**Input material:**

*** Block opens ***

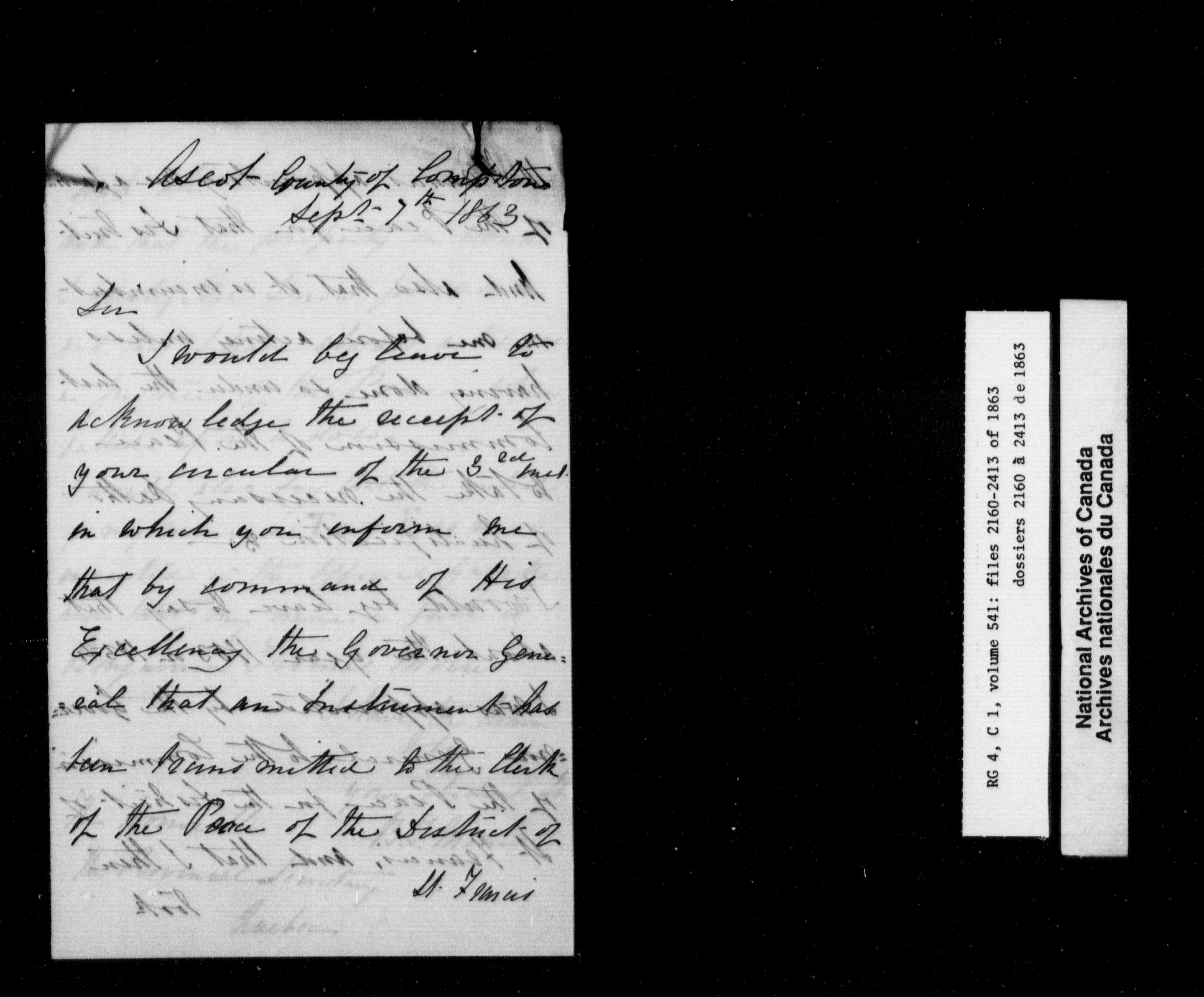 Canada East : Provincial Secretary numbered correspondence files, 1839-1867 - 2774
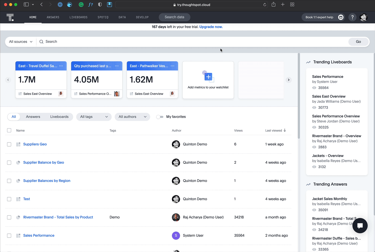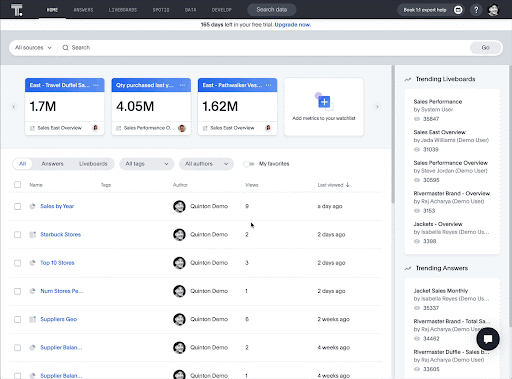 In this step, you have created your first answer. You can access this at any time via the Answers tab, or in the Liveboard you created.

*** Block closes ***
*** Block opens ***

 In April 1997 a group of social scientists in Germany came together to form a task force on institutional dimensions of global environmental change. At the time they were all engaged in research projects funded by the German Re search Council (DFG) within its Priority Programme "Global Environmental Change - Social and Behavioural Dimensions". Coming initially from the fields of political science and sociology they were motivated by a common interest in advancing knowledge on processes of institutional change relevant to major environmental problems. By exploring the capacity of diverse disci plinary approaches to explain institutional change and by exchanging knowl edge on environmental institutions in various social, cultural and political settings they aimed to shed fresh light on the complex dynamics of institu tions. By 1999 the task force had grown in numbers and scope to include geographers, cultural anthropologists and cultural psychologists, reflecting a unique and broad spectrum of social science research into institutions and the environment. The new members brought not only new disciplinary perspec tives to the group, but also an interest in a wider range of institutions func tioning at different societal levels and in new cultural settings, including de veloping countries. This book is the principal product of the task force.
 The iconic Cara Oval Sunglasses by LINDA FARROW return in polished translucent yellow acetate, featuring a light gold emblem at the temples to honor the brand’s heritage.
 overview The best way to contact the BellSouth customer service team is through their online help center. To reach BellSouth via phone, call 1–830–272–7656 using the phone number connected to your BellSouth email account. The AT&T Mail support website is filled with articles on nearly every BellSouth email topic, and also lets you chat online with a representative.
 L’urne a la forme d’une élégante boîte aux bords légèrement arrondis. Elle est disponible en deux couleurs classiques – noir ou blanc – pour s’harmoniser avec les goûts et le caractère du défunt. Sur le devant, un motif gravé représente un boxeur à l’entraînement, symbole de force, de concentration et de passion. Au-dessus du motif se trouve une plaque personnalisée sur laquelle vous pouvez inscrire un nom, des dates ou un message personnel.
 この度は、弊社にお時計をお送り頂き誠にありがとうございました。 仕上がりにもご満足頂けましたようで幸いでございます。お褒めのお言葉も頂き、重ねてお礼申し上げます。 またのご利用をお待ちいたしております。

*** Block closes ***

Reproduce, word for word, only the lines in the records above from the line with "Canada East : Provincial" through the line with "In this step, you", including both ends; omit the pictures.

**The answer:**
 Canada East : Provincial Secretary numbered correspondence files, 1839-1867 - 2774
 In this step, you have created your first answer. You can access this at any time via the Answers tab, or in the Liveboard you created.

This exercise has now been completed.